Сейчас властительнице лагерной кухни тоже казалось, что лишь ценой неутомимой деятельности, строгости с одними и кокетливого выпячивания бюста перед другими можно сохранить уже не какой-то «образ жизни», а саму жизнь вообще. И Юлишка пружинистой походкой прохаживалась по кухне, похлопывала палкой по руке, покрикивала на девушек. С Лейтхольдом она держалась нежно, почтительно, щурила глаза, щебетала «битташон» и умела вовремя пришить кюхеншефу оторвавшуюся пуговицу. Всем остальным мужчинам («мусульмане», разумеется, не в счет) она бросала равно многообещающие и безличные взгляды и в общем была живым олицетворением того, что называется «чардашевый темперамент».
Парочка венцев, которые хаживали к писарю за подачкой, перестали исполнять песенку «Мамочка, купи мне лошадку» и сегодня впервые выступили в немецком бараке с программой под названием «Наш новый номер». Один из них повязал на голову женский платочек, подложил под курткой карикатурный бюст, навел углем глаза и, помахивая палочкой, напевал шлагр[29]29
Испорченное немецкое «Schlager» – модная песенка легкого жанра. Прим. перев.
[Закрыть] из кинофильма Марики Рокк:
Ах, в моем горячем сердце,
Как огонь, пылает кровь,
Видно, в сердце много перца,
Горяча моя любовь!
Второй комик изображал самого себя – жалкого, ушастого «мусульманина» в мефистофельской шапочке. Он подхватывал плаксивым тоном:
Ах, в моем убогом сердце
Кровь нечистая течет,
Неарийцу здесь несладко,
А арийцу здесь почет!
Капо и другие немецкие проминенты валились с ног от смеха и заставляли остряков несколько раз повторять куплет о «номере с перцем в неарийской крови».
4.
Кто-то из заключенных нашел на стройке карманное зеркальце, и инженер Мирек купил его за краюху хлеба.
– Ты просто спятил, – бранил его Рудла, узнав об этом. – Старый урод, женатый человек, отец семейства, и вздумал отдавать калории за такую безделку!

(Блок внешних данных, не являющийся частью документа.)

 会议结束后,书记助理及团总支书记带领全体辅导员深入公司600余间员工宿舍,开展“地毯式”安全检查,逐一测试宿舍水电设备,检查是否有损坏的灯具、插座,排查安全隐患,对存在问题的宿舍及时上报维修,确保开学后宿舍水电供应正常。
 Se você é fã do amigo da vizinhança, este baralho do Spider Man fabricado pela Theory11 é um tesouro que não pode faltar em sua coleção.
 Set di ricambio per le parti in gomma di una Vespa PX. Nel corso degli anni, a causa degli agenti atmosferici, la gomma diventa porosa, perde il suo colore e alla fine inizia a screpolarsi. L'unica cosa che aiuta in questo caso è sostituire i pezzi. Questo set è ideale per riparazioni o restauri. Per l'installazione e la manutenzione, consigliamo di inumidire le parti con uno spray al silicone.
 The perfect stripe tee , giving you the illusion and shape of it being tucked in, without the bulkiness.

Зеркальце было круглое, в розовой целлулоидной оправе, с рекламной надписью на оборотной стороне: «Мое любимое местечко – «Адебар» в Мюнхене, Принцрегентштрассе, № 8!» Внизу было крохотное изображение аиста.

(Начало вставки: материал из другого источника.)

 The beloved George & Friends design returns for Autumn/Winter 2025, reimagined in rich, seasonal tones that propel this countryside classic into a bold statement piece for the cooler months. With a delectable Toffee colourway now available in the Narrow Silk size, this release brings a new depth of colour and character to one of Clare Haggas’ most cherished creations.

Вечером Мирек сидел на нарах под электрической лампочкой, ни с кем не разговаривал и, тщательно протерев зеркальце рукавом, долго гляделся в него.
Ярда стал рассуждать вслух.
– Говорят, что женщины тщеславны. Куда им до стареющих мужчин! Я в этом убедился еще в портновской мастерской. Мне, например, никогда не случалось видеть, чтобы клиентка рассматривала в зеркале свои старые зубы вместо того, чтобы глядеть на новое платье. А мужчины совсем другое дело. Поставишь его перед трюмо, и он глядит в него, как загипнотизированный, даже не замечает, что я на нем примеряю, все изучает самого себя. Видимо, от непривычки к тройному отражению каждый из них не сводит глаз со своего профиля, величественно задирает голову – чтобы исчез второй подбородок, поправляет рукой лохмы за ухом, с содроганием глядит на лысеющее темя. Потом, заметив у себя брюшко, пытается подтянуть его. Мужчины, я вам скажу…
– И охота тебе болтать, – прервал его Рудла. – Был бы тут кельнер Франта, уж он спел бы тебе песенку «Ярдочке дали болтанку на сладкое…»
– Весельчак Франта! – вздохнул кто-то в углу. – Каково-то ему там, бедняге?
– Зденек устроил его в лазарет. Я у него был, ему там неплохо, проворчал Мошек.
Стало тихо, и лишь иногда кто-нибудь из обитателей барака подталкивал соседа, чтобы показать на Мирека. Тот все еще сидел посреди барака, под лампочкой, и разглядывал себя в зеркальце. Впервые за несколько месяцев он увидел в этом чудесном стеклышке часть своего лица. Серая, нездоровая, словно опухшая кожа, шелушащаяся, вся в крупных порах. Из всех морщин торчит щетина, и в ней так много седых волосков…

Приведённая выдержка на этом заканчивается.